(May 19, 2014 at 6:32 pm)BlackSwordsman Wrote: I have always been pro-life. My understanding is that no matter what the circumstances surrounding the pregnancy, bad or good, rape or not. That child that innocent baby had nothing to do with it.This is true however you're falsely equating a clump of cells or an unfeeling, unthinking foetus with a baby. This is easy to do and can take some self-discipline to overcome (most of us are programmed to protect young, after all) but it's necessary in order to make sure you give the matter balanced consideration. The fact is that a foetus can't be considered a baby until it reaches viability (~24 weeks). If you want to argue regarding 'the potential' of the foetus to be a baby, you face the challenge that MFM made about having to consider sperm & eggs in the same light.
Quote:They are without blame, why place the blame of a rapist on a baby, wasn't that childs fault.Once again with the continued false equivocation (foetus/baby) but I've covered that already. So on to the false transferrence of responsibility (the baby is being blamed for the rape). An abortion is not the mother 'blaming' the foetus in any respectable use of the term 'blame'. What happens instead is a series of complex psychological traumas (analogous to PTSD) which disconnects the woman from normal maternal instinct. In order to prevent further suffering and protect the mental well-being of the woman, it's often better to abort. In a large proportion of raped women who successfully give birth, the child (an actual baby/child/life) suffers neglect or abuse resulting from the maternal disconnect. By arguing in favour of forcing raped women to give birth, you're actually arguing in favour of increased child abuse.
Quote:Why should it suffer?As MFM said, there's no such thing as a foetus sufferring before ~18 weeks as there hasn't yet been enough development.
Quote:There is always adoption. Don't want it, give it to someone who cannot have a child, who's spent a fortune on having kids without success.This is true however this view still doesn't take in to account the suffering of the woman/mother.
Quote:As a Buddhist, (moderately monastic) the view is that life begins at conception and all life is valuable.Okay but why should your belief be allowed to result in human suffering?

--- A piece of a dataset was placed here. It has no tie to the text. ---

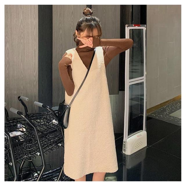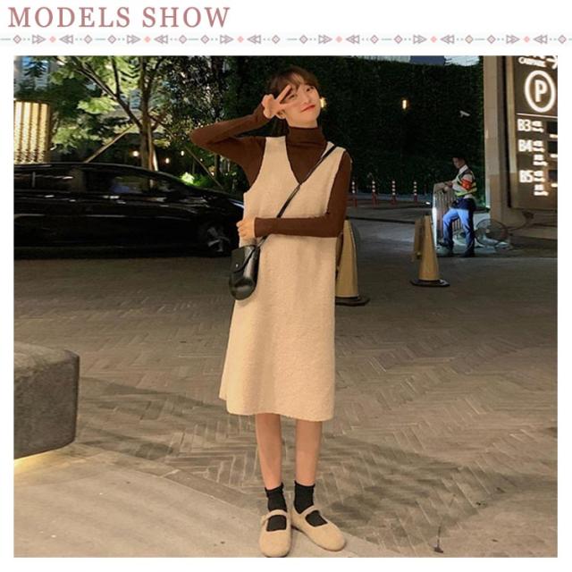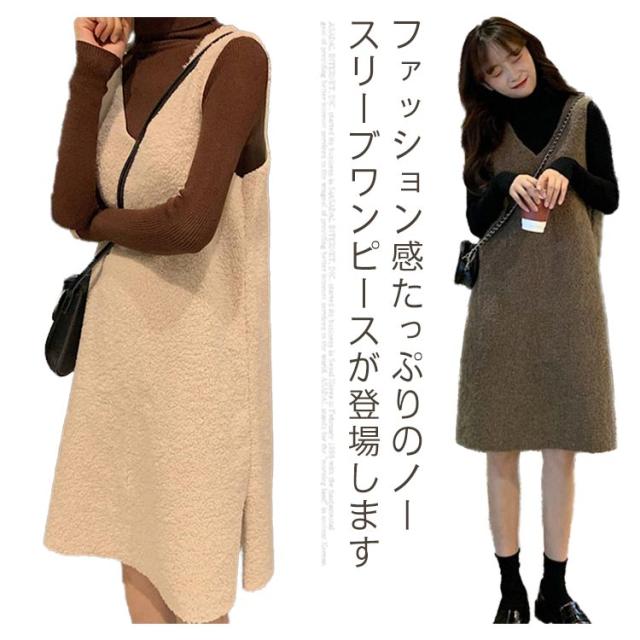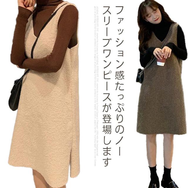ノースリーブ 春秋 長袖 ゆったり シンプル Vネック ワンピース ロング丈 スリット入り 重ね着 レイヤード風 お洒落 普段着 カジュアル 通勤

Quote:My dear kid brother, would not be here had his 12 year old mother aborted him. She had him, gave him up for adoption. In doing so my mother and I have had the pleasure of having him in our lives (my adopted family could not have children)Then it sounds like your mother made the right decision, in this case. However you need to consider what might have happened if circumstances had been different. What if abortion had been the right thing to do? What if your mother or brother would have suffered, unnecessarily as a result of taking the pregnancy to term? Can you think of circumstances in which your mother would have preferred to have an abortion? These questions are necessary in order to empathise with women who are faced with that choice. It's worth remembering that one case where things 'work out for the best' isn't enough to seriously challenge the right to choose.
All in all, I'd prefer a world where abortion is unnecessary, where child welfare is a high priority for governments and societies, where rape is unheard of, where prospective parents aren't forced to choose between 'financial realities' and having a child. However that's not this world. It's an ideal worth fighting for but it doesn't divorce you from the necessary considerations of our current society.